## Records shown
■ ■ ■ ■ ■ ■ ■

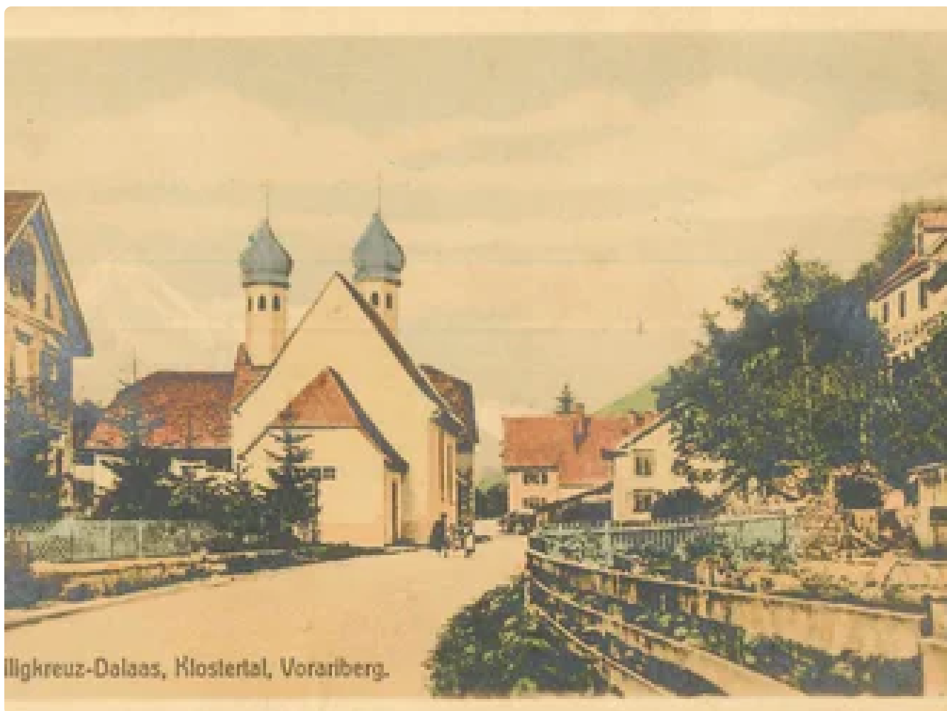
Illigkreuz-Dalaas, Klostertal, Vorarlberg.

■ ■ ■ ■ ■ ■ ■

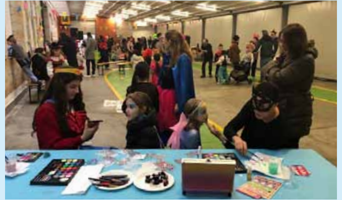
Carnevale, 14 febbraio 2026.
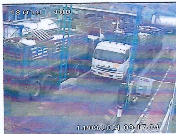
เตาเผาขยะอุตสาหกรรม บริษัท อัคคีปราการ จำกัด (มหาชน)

■ ■ ■ ■ ■ ■ ■

## Task objective
The material above holds pictures; leave them out. Repeat exactly the lines from the one containing "Carnevale, 14 febbraio 2026." through the one containing "เตาเผาขยะอุตสาหกรรม บริษัท อัคคีปราการ", and nothing else.

## Exercise output
Carnevale, 14 febbraio 2026.
เตาเผาขยะอุตสาหกรรม บริษัท อัคคีปราการ จำกัด (มหาชน)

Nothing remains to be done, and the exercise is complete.